Более шестисот лет возвышалась белокаменная обитель на левом берегу Волги, и стекались в неё паломники – поклониться явленной иконе Толгской Богородицы. А теперь ждали монахи разгрома. Провалится восстание, придут «товарищи» – и хуже татарского иго настанет.

В монастыре в роковые для города дни также не было тишины и покоя. Лишь вековые кедры и печальные лики икон сохраняли безмятежность, возвышаясь над суетою сего мира, над переменчивыми его волнами.

– Я вернусь за вами, Варвара Николавна. Что бы ни было, вернусь. Верьте мне!

– Я… верю! – блеснули слёзы в прежде весёлых, задорных глазах. И не удержалась Варя на сей раз. Всё-таки подалась рывком к нему и обхватила горячими руками за шею: – Я вас всегда-всегда ждать буду!

Оставив её на попечение монахов и исполнив поручение командира, Никита заспешил обратно. И внезапно обнаружил, что лицеист Илюша следует за ним по пятам.

– А вы, юноша, куда это собрались?

– А я не девчонка, чтобы вас слушаться, – гордо ответил мальчуган. – Я в добровольцы записаться хочу.

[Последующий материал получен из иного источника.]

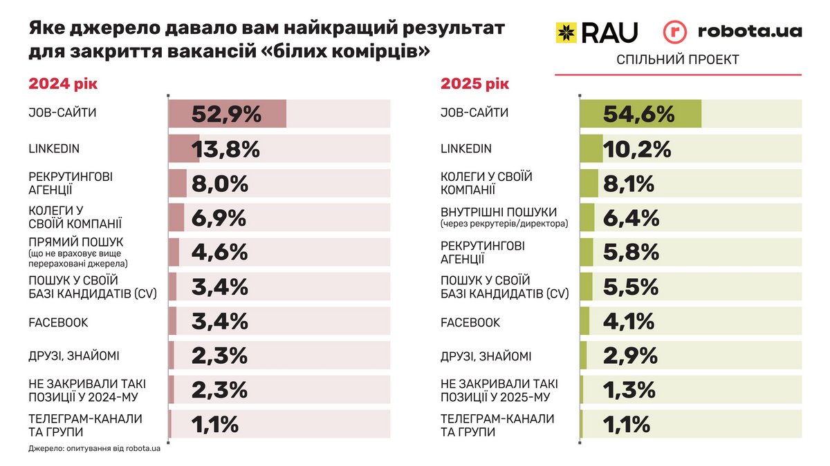 Як показали результати опитування 639 компаній-роботодавців з різних галузей, найчастіше їм вдавалося закривати вакансії білих та синіх комірців через сайти пошуку роботи (майже 55% та 61% відповідно). Проте інші канали залучення кадрів суттєво відрізняються в залежності від категорії фахівця. Так, для пошуку офісного персоналу та керівників на другому місці за ефективністю є LinkedIn, який у Європі стає реальним конкурентом job-сайтам та рекрутинговим агенціям. А от для продавців та офіціантів залучення через LinkedIn та агенції не перевищує 1-3%. Для пошуку фахівців тут краще спрацьовують реферальні програми – поради колег у власній компанії (11%), так само як і для найму білих комірців (більше 8%). Також у 2025 році у пошуку синіх комірців збільшилася роль телеграм-каналів (8%) та груп у соціальних мережах.

– Доброволец… А службу начинаешь с пререкания со старшими по званию, – усмехнулся Никита. – Идём уж. Будешь в моём распоряжении.

– Слушаюсь, господин капитан! – сразу просиял Илюша.

И что было делать с ним? Сражаться за Отечество, как брат – не святое ли желание? И мало ли таких как он мальчишек с первых часов наводнили гимназию, записываясь в армию? Это не обыватели окостеневшие и трясущиеся над своим добром. Чистые, звонкие мальчики, живущие идеалами. Но не мальчик ли Давид Голиафа сокрушил? Нельзя препятствовать проявлению лучшего в юных сердцах, иначе они оледенеют, до срока утратив идеалы.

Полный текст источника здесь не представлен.